This page provides the material and scripts to replicate our submitted article about developer retention in software ecosystems.
You can download the data and scripts here. The zip file contains 3 files:
– script.R: The R script that runs the survival analyses and exports all the survival curves (in pdf format)
– 2 csv files: One for the developers of each ecosystem
The columns of each csv file correspond to:
– user: The user id based on the GHTorrent dataset
– ta_abandoner (technical activity): Boolean variable concerning the technical abandonment (0: active, 1: abandoner)
– sa_abandoner (social activity): Variable concerning the social abandonment. (0: active, 1: abandoner, -1: the developer was never socially active)
– ta_duration_months (technical activity): Number of months between the first and last commit
– sta_duration (socio-technical activity): Number of months between the first and last commit or social message
– sa_messages (social activity): Number of messages that the developer has exchanged with other developers (social activity)

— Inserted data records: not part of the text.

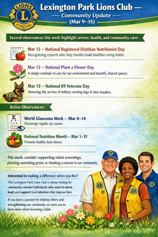 #ServeWithLions #VisionHealth #NutritionMonth #K9Veterans #CommunityService #PlantSomething #LexingtonParkLions |
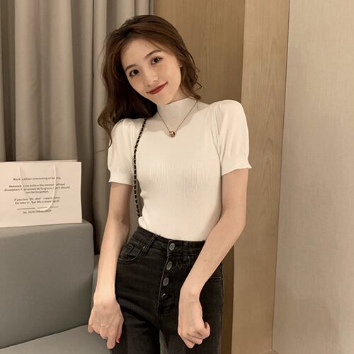 春 スプリング 細リブ リブニット タイト 半袖 プチハイネック トップス 全5色 RB-R4-03-BY-SA-0128
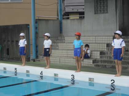 耳・・・先生の話を聞く、目・・・友達を励ます、足・・・プールサイドは歩く、心・・・あきらめない、めげない などキーワードで教師からは、話をしました。
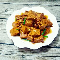 9. Remember to flip the tofu from time to time.To ensure that everything is even, it is best to collect the juice, add salt and green onion leaves, stir it a few times and it is done~
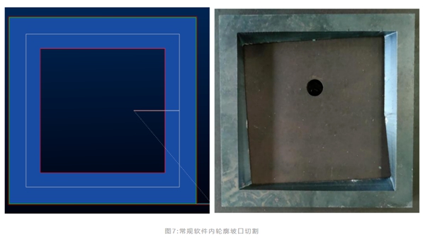 但實際切割時可以發現,轉角處切割頭旋轉速度很慢,不能立刻旋轉到相鄰邊所需的角度,導致切割頭一邊切割一邊旋轉,最終形成了漸變坡口的成型狀態,無法滿足加工需求。實際上,內輪廓90°轉角坡口切割一直是行業難題,因為常規軟件不能準確計算出切割頭轉角運動時的G代碼,所以內輪廓轉角切割也一直沒有得到很好解決。
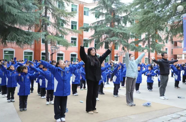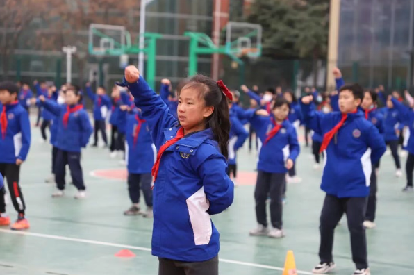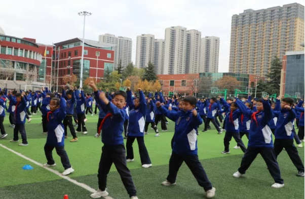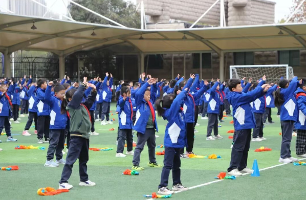 当广播体操的旋律落下,藤信园的课间时光即刻切换为 “多元活力秀场”。六个年级分场地同步绽放,用专属律动书写童年风采:一年级的小萌娃们手持跳绳,跃动的身影如春日新芽,在绳间编织着童真与灵动;二年级伴着《你要跳舞吗》的欢快节奏,摆臂、扭胯、踏步,每一个动作都洋溢着治愈系的可爱;三年级的彩带在空中划出绚丽弧线,《向快乐出发》的旋律里,孩子们用灵动舞姿勾勒出成长的欢歌;四年级的有氧健身操《让我们一起出发》,动作整齐有力,尽显少年们的蓬勃朝气;五年级以《中国范》街舞燃动全场,利落的节拍、酷炫的姿态,跳出新时代少年的自信锋芒;六年级的《中国功夫》武术操气势如虹,抱拳、踢腿、冲拳,一招一式间尽显中华少年的阳刚之气。
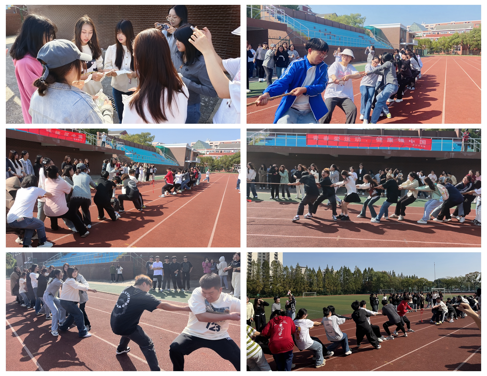 为加快推进体育强国建设,建设健康高雅校园文化环境,培养学生团结协作和坚韧不拔的精神,增强2023级新生凝聚力和对母校的认同感和归属感,基础教育系于10月17日在运动场举办“青春爱运动,健康强中国”拔河比赛。
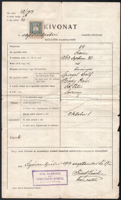 https://www.darabanth.com/en/454-Online-auction/454.0/Art-and-other-collectibles/Judaica~1500004/1913-Sajoszentpeter-kivonat-az-izraelita-hitkozseg-szuletesi-anyakonyvebol-Fried-Joachim-k~II3025719
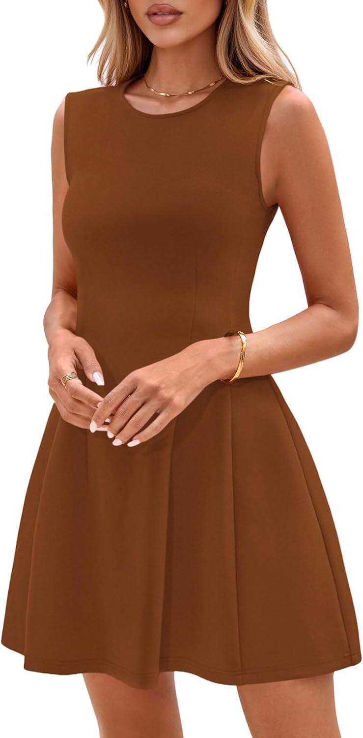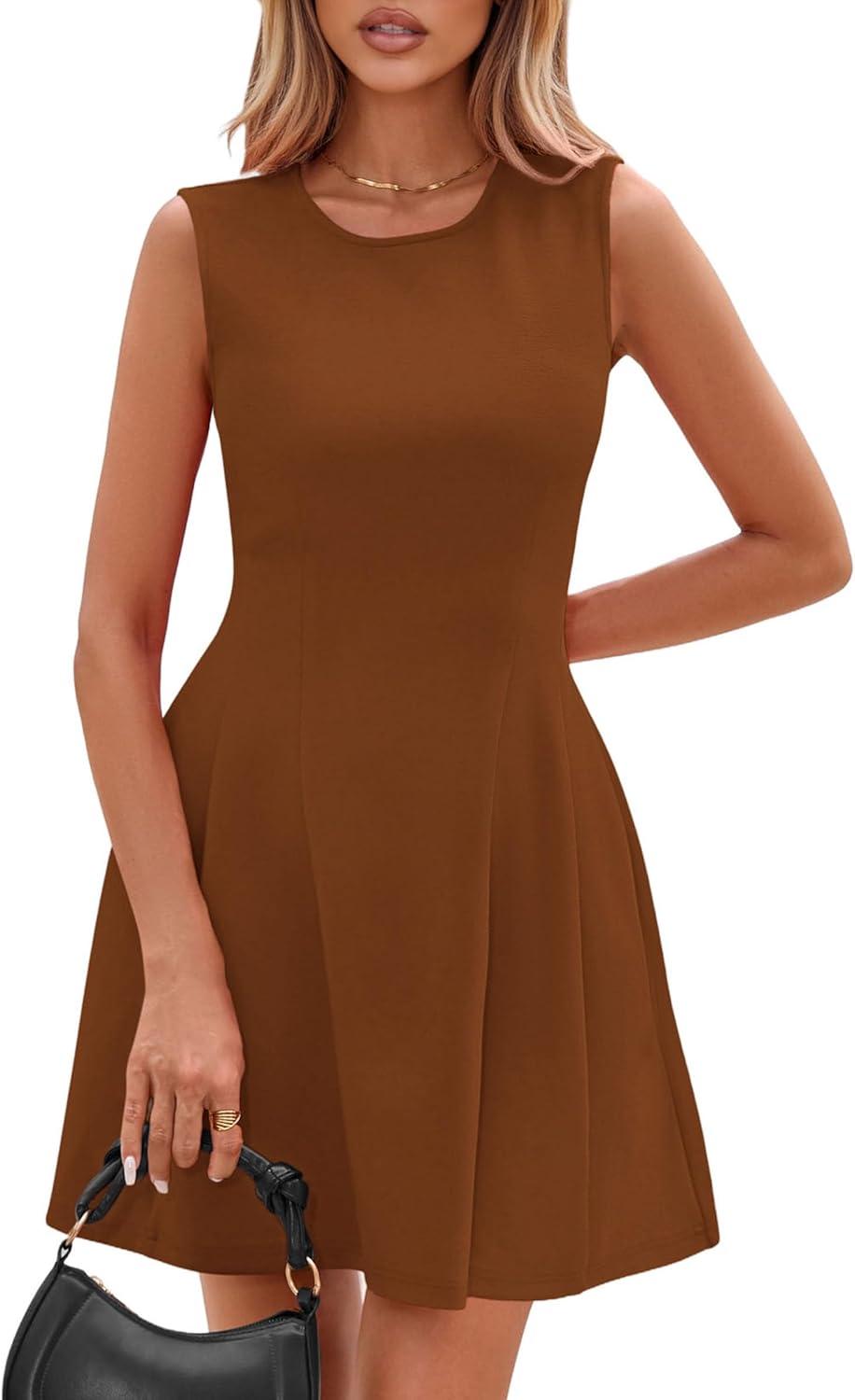 PRETTYGARDEN Summer Dresses for Women 2025 Elegant Classy A Line Business Casual Work Graduation Cocktail Short Dress(Brown)

– sa_activity_months (social activity): Number of distinct months that a developer has exchanged messages with other developers (Different value from sta_duration_months since months with no messages are not considered for sa_activity_months)
– sa_largest_delta (social activity): Largest social inactivity gap measured in months
– ta_commit_contributions (technical activity): Number of commits
– ta_activity_months (technical activity): Number of distinct months that a developer has had commits (Different value from sta_duration_months since months with no commits are not considered for ta_activity_months)
– ta_largest_delta (technical activity): Largest technical inactivity gap measured in months
– developerTechnicalIntensity (technical activity): TI value (refer to the paper for the definition)
– developerTechnicalSpread (technical activity): TS value (refer to the paper for the definition)